Cash Flow and Use of Capital

Old Dominion’s net cash provided by operating activities was $246.6 million for the fourth quarter of 2020 and $933.0 million for the year. The Company had $401.4 million in cash and cash equivalents at December 31, 2020.

Capital expenditures were $58.6 million for the fourth quarter of 2020 and $225.1 million for the year. The Company expects its aggregate capital expenditures for 2021 to total approximately $605 million, including planned expenditures of $275 million for real estate and service center expansion projects; $290 million for tractors and trailers; and $40 million for information technology and other assets.

Old Dominion returned $74.8 million of capital to its shareholders in the fourth quarter of 2020 and $435.1 million for the year. The 2020 total consisted of $364.1 million of share repurchases and $71.0 million of cash dividends.

Increase to Quarterly Cash Dividend

The Company’s Board of Directors has declared a first-quarter dividend of $0.20 per share, payable on March 17, 2021, to shareholders of record at the close of business on March 3, 2021.  After giving effect to the Company’s March 2020 three-for-two stock split, this dividend payment represents a 33.3% increase to the quarterly cash dividend paid in the first quarter of 2020.

Summary

Mr. Gantt concluded, “Old Dominion produced strong financial results for the fourth quarter as the operating environment continued to improve.  Despite the challenges associated with the COVID-19 pandemic and slight decrease in our annual revenue, our annual results include a Company-record operating ratio of 77.4% that contributed to the double-digit growth in earnings per diluted share.  We believe these financial results reflect the consistent execution of our long-term strategic plan that includes our unwavering commitment to deliver superior service at a fair price.  In addition, we will continue to invest in our service center network, our technology and, most importantly, our OD Family of employees to further enhance our value proposition and support opportunities for additional growth.  We are encouraged by the improving demand environment and believe continued execution of our strategic plan will produce profitable growth and increased shareholder value in 2021.”
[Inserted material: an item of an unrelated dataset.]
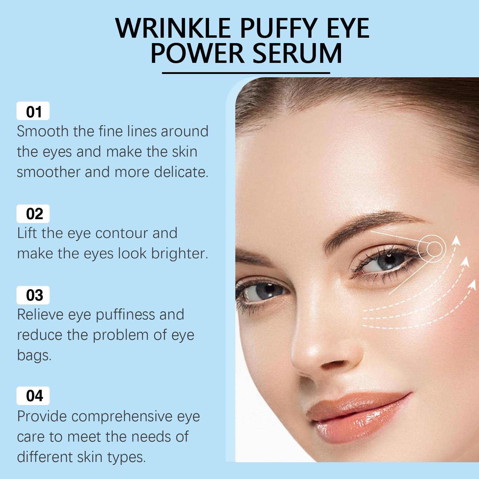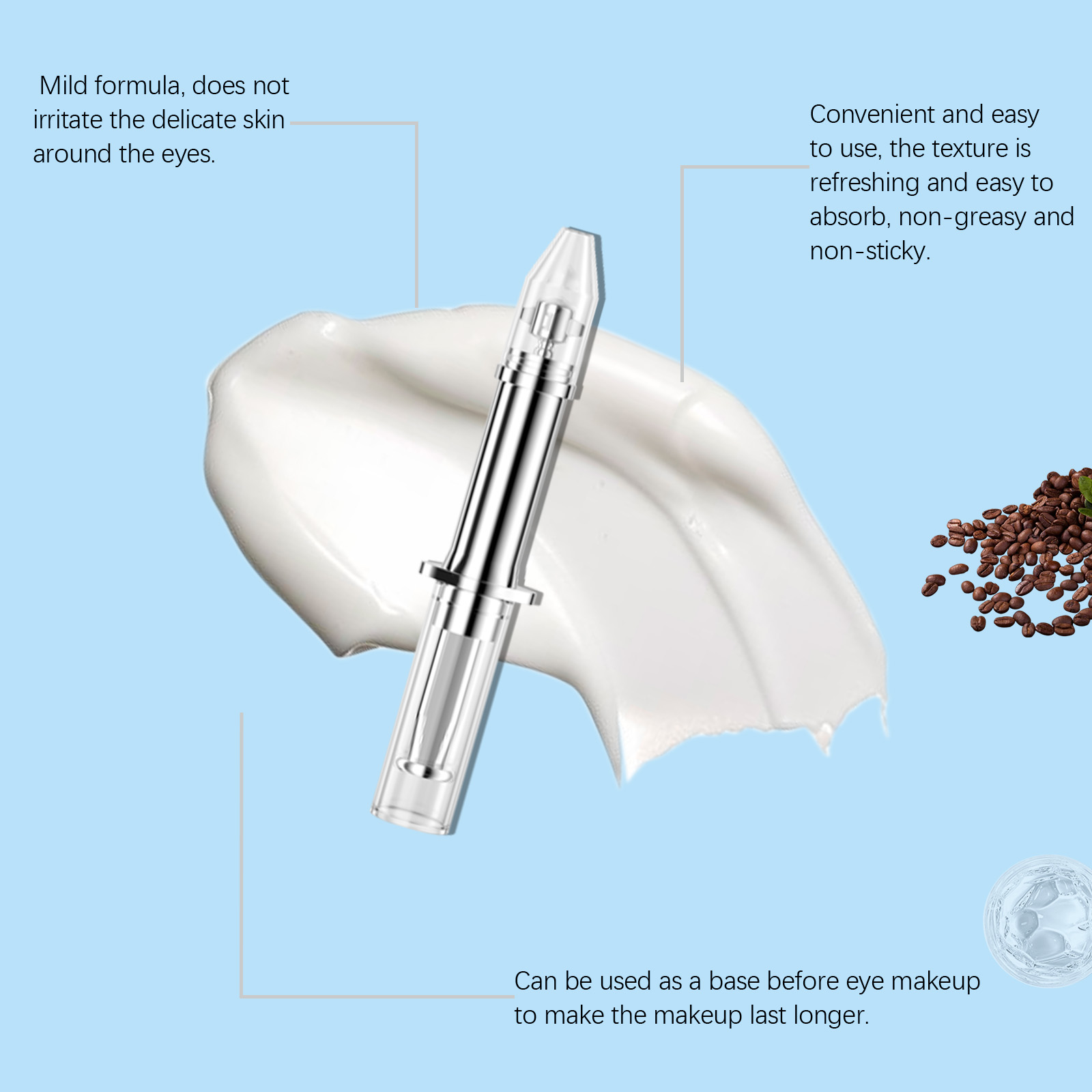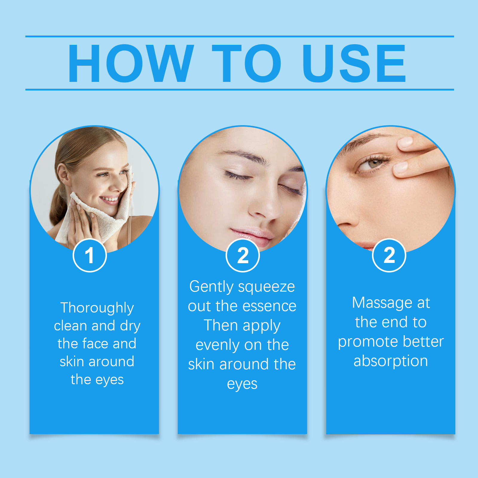 Our eye essence contains small fruit coffee seed extract and hydrolyzed collagen. The application method is very simple: thoroughly clean and dry the face and the area around the eyes, gently squeeze out the essence liquid and then evenly apply it to the area around the eyes, finally perform massage to promote better absorption. It can also enhance the elasticity of the eye area skin, and reduce eye swelling, fine lines and wrinkles.

Old Dominion will hold a conference call to discuss this release today at 10:00 a.m. Eastern Time. Investors will have the opportunity to listen to the conference call live over the internet by going to ir.odfl.com. Please log on at least 15 minutes early to register, download and install any necessary audio software. For those who cannot listen to the live broadcast, a replay will be available at this website shortly after the call and will be available for 30 days.  A telephonic replay will also be available through February 12, 2021, at (719) 457-0820, Confirmation Number 5798600.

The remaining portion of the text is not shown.